HIV requires host machinery to replicate. In turn, the host cell protects itself using antiviral factors. A full understanding of the host factors involve in HIV replication will provide us with valuable knowledge of HIV virology and cell biology. It will also help to develop new anti-HIV therapy. Functional screens using genome-wide siRNA libraries have implicated hundreds of host proteins as modulators of HIV replication. In this proposed project, we will use multiple RNAi resources to identify the innate host proteins that restrict HIV-1 replication. The remaining goals for this project are to focus on further validation and functional study of the restriction factors that come out of screens.

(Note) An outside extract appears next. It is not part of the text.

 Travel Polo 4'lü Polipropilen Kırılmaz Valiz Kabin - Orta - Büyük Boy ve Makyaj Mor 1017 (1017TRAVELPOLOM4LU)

Aim 1 is the validation and functional analysis of HIV-1 restriction factors identified through genome-wide siRNA screens. We recently completed siRNA screens using multiple RNAi resources (three orthologous siRNA libraries). The screens identified 212 potential host restriction factors. For this aim, we plan to focus on a shortened list of potential anti-HIV host factors, and perform further validation and functional studies to confirm their roles. The plan includes confirmation of siRNA knockdown efficacy, RNAi effect rescue, validation in human primary cells, and mechanistic studies of a few of promising HIV-1 restriction factors. In addition, we plan to test the inhibitory efforts of confirmed restriction factors on other viruses.

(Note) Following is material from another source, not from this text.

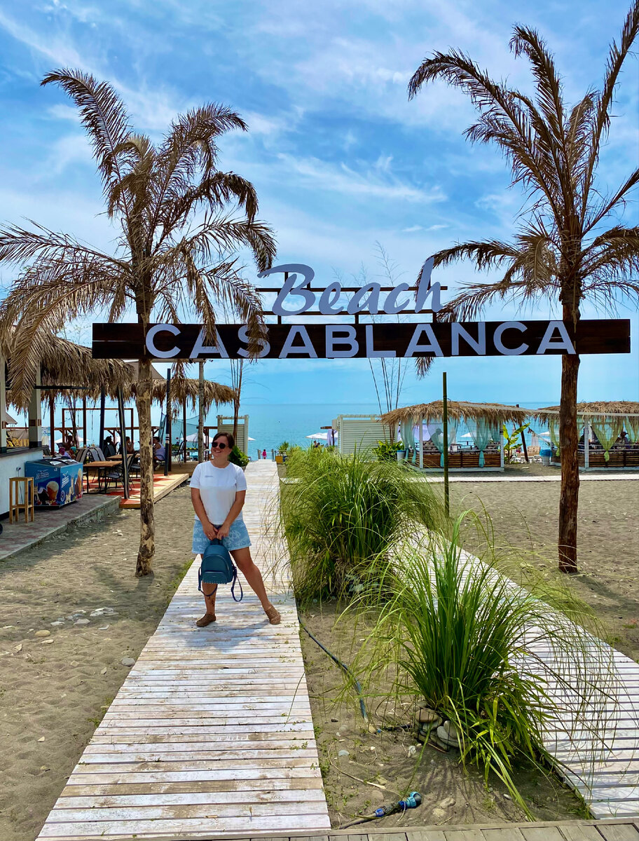 Пляж Касабланка резко отличается от всех остальных в Лазаревском: множество бунгало с яркими шторами, новенькие деревянные настилы, современные пляжные кафе вкупе с тропической растительностью выглядят чудесно. А еще здесь ну очень много места и большой выбор самых разных шезлонгов.

Aim 2 is the identificatin of factors that mediate interferon- induced restriction of HIV-1 through genome-wide siRNA screens. It has been long known that Type I interferon (IFN) can induce the expression of a large set of interferon-stimulated genes and establish a potent antiviral response. Both early and late steps of HIV-1 replication can be blocked by IFN-1. In this aim, we will perform genome-wide siRNA screens to identify HIV-1 restriction factors whose activity is required by IFN. The candidate restriction factors will be further filtered by performing comprehensive bioinformatic analysis. A set of potential IFN-induced HIV-1 restriction factors will be selected for further validation and functional studies. We believe that our study of HIV-1 restriction factors will provide new insights into the barriers to viral infection and may have important ramifications for the identification of new antiviral targets.

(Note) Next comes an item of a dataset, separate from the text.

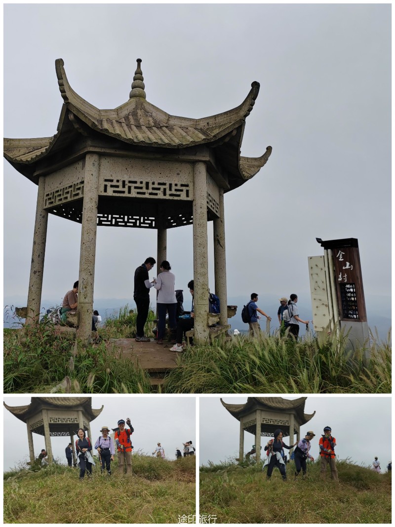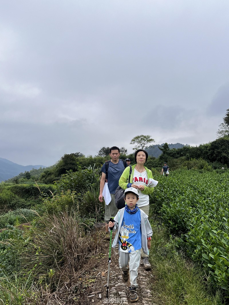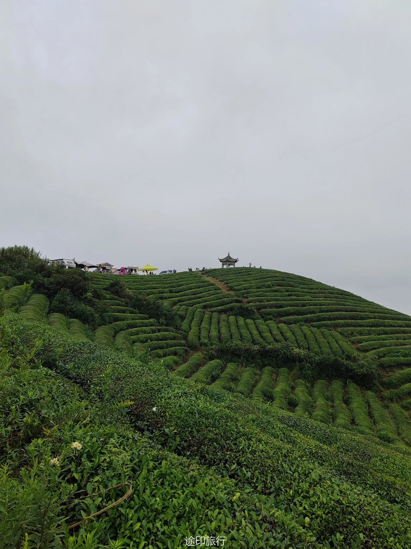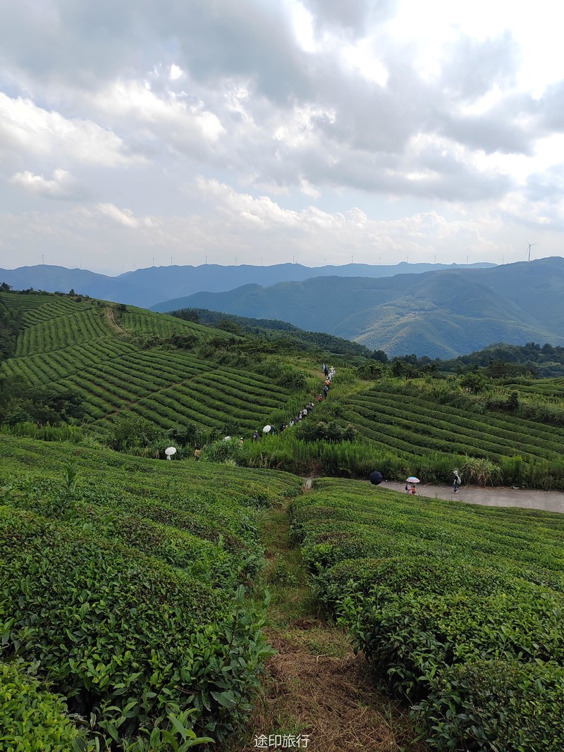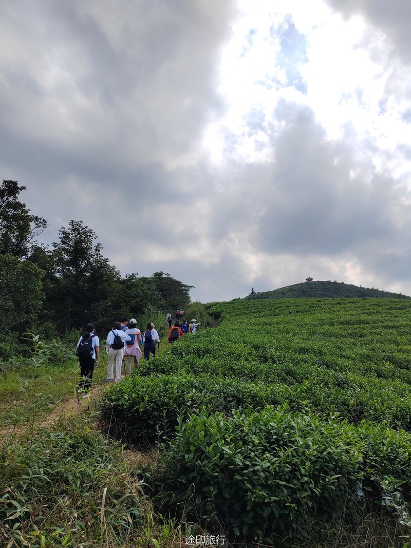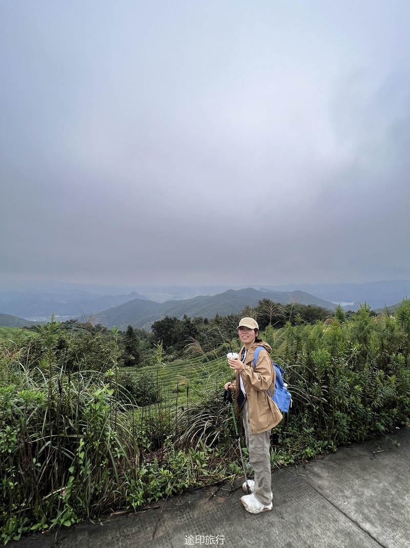 在粉黛这里休息一下,拍拍照,吃吃午餐,休整好后继续出发。向此次行程的最高点“望海亭”出发。站在山顶,一眼望去,近处是茶园,远处是群山,“一览众山小”在这一刻得到了完美的诠释。山顶这里修有一平台,有几摊位,可供休息和补给,非常不错。

Although there are several effective drugs for treating AIDS/HIV that can slow the course of the disease, there is still no cure or vaccine. We propose to use functional genomic approaches to identify novel HIV restriction factors, and further validate and study their function in physiologically relevant, HIV-infected host cells. The discovery and functional studies of novel HIV restriction factors will help unravel the previously unrecognized cellular antiviral mechanisms that can be used in new strategies to prevent or treat HIV infection.